■ Records supplied:
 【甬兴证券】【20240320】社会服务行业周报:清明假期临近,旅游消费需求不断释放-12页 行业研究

==

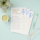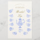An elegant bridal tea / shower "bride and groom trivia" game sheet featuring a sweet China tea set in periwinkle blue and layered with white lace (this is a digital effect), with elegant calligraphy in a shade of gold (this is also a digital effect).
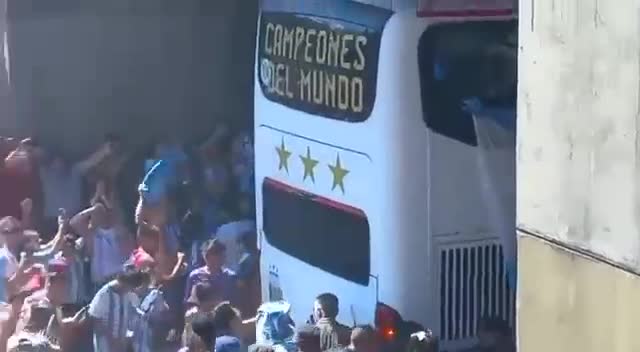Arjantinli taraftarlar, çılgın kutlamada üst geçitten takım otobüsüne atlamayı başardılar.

■ What is required:
Could you repeat, exactly, only the lines above starting at the one that has "An elegant bridal" and stopping after the one that has "Arjantinli taraftarlar, çılgın", without the pictures?

■ Written reply:
An elegant bridal tea / shower "bride and groom trivia" game sheet featuring a sweet China tea set in periwinkle blue and layered with white lace (this is a digital effect), with elegant calligraphy in a shade of gold (this is also a digital effect).
Arjantinli taraftarlar, çılgın kutlamada üst geçitten takım otobüsüne atlamayı başardılar.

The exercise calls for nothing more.